Fritz Wiessner (February 26, 1900 – July 3, 1988) was a German American pioneer of free climbing. Born in Dresden, Germany, he immigrated to New York City in 1929 and became a U.S. citizen in 1935. In 1939, he made one of the earliest attempts to conquer K2, one of the most difficult mountains in the world to climb.

==Early days==
Wiessner started climbing with his father in the Austrian Alps before World War I. At the age of 12, he climbed the Zugspitze, the highest peak in Germany. In the 1920s, he established hard climbing routes in Saxony and the Dolomites that have a present-day difficulty rating of up to 5.11. That was at a time when the hardest free climbing grade in the United States was 5.7. At the age of 25, he made a first ascent of the Fleischbank in Tyrol, which was proclaimed the hardest rock climb done at that time.

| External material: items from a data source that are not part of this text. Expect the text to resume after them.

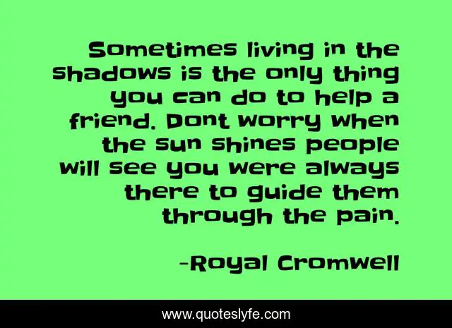 This page presents the quote "Sometimes living in the shadows is the only thing you can do to help a friend. Dont worry when the sun shines people will see you were always there to guide them through the pain.". Author of this quote is Royal Cromwell. This quote is about friends, pain,.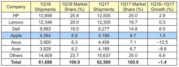 蘋果躋身成全球第四大PC供應商根據市場調查機構Gartner公布的最新PC出貨量評估報告,2018年全球PC設備出貨量持續下滑,但是蘋果的Mac設備銷量依然保持穩定。在2018年第1季度Mac產品出貨量大約在426萬臺,而去年同期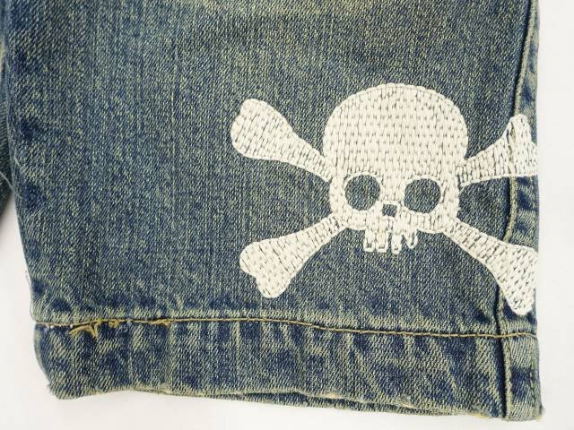 デニムショートパンツ ブルー地 ホワイト スカル柄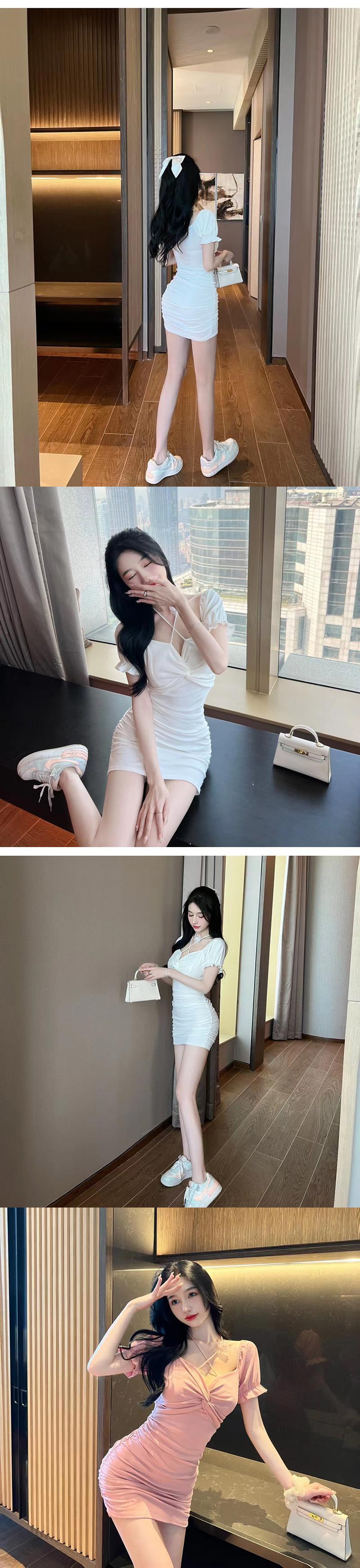 ナイトクラブレディースナイトクラブフレンチスリム気質セクシーローカットディープVネックパフスリーブホルタードレス micat77811809388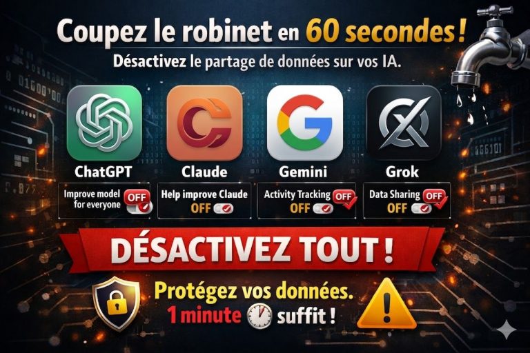 🚨 Vos conversations IA entraînent les modèles. Voici comment couper le robinet en 60 secondes ! Et si vous n’avez pas de politique claire, c’est votre responsabilité de dirigeant qui est engagée…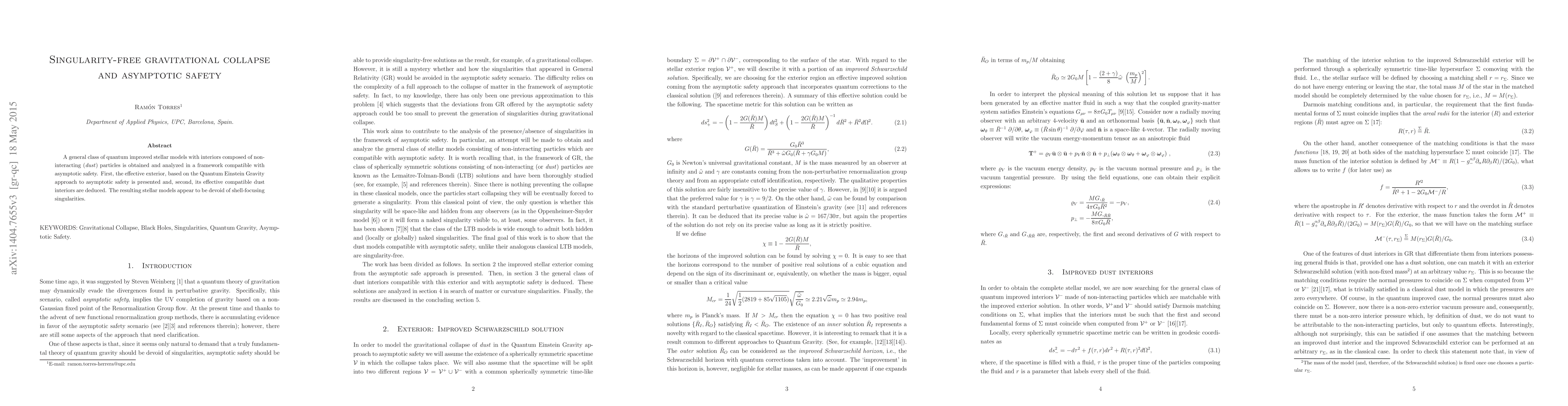 This paper develops quantum-improved stellar models based on non-interacting particles within a framework of asymptotic safety, presenting effective exteriors and compatible interiors that avoid shell-focusing singularities. The approach aligns with Quantum Einstein Gravity to achieve singularity-free gravitational collapse.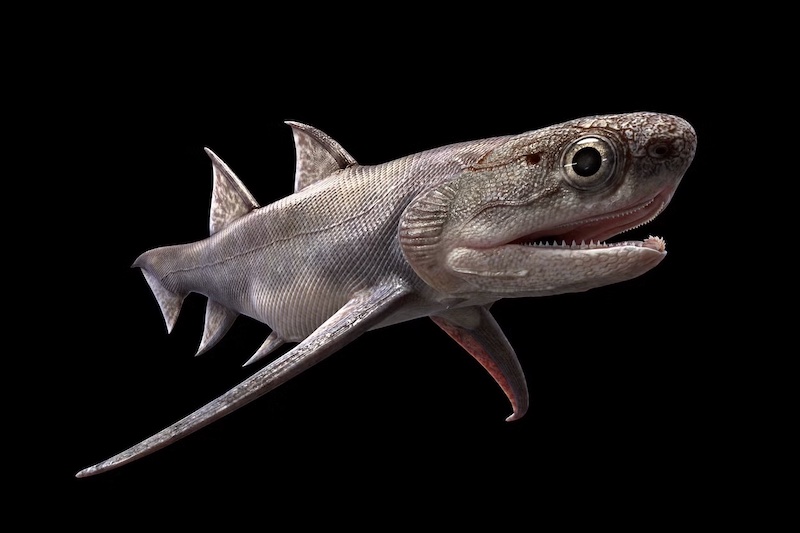 Over a decade in the Manzano Mountains, paleontologists recovered fossilized limb bones, fin spines, and jaw bones with teeth. Eventually—like piecing together a puzzle—they assembled an entire skeleton. Professionals recognized the skeleton as a new species that had died about 300 million years ago. Paleontologists named this specimen Dracopristis hoffmanorum (or “dragon shark”) for its impressive two-meter body, stubby teeth, and pair of long spines on its back.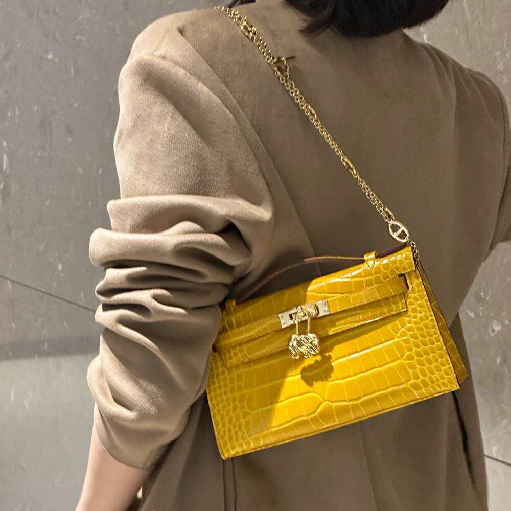 鳄鱼纹包包真皮一代小方包女高级感百搭牛皮手提包单肩斜挎链条包由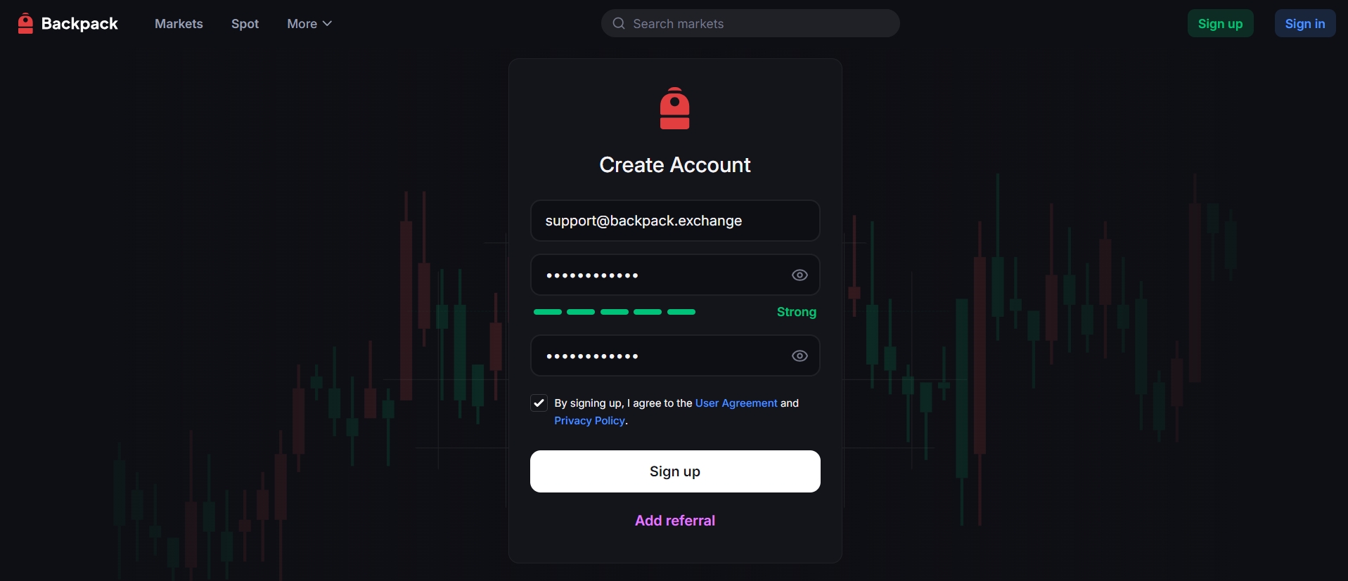You'll need to register first before you can start trading on Backpack Exchange. Setting up your account on Backpack Exchange is simple and straightforward.

Wiessner was 5 ft 6 in tall, slope-shouldered and stocky. He had a wide and friendly grin and his speciality was wide crack, or off-width, climbing, a technique that demands both technical mastery and uncommon strength.

==A new standard==
In 1931, Wiessner made contact with members of the American Alpine Club and immediately set a new standard in American rock climbing. Across North America, he established a substantial list of first ascents at such climbing areas as Ragged Mountain (Connecticut); Cannon Mountain (New Hampshire); Wallface Mountain, New York Adirondack Mountains; Mount Rushmore National Memorial, South Dakota; Devils Tower, Wyoming (the first free ascent); and Mount Waddington, British Columbia.

In 1935, while climbing at Breakneck Ridge on the Hudson River, Wiessner spotted the gleaming white quartzite cliffs of the Shawangunks in the distance. The following weekend he set off in search of the tantalizing cliffs and immediately set about climbing the highest point in the area, a cliff now known as Millbrook mountain. Along with John and Peggy Navas, he established a route now named Old Route 5.5, the first recorded technical rock climb in the Shawangunks, and in doing so helped to establish the area as a mecca for rock climbers.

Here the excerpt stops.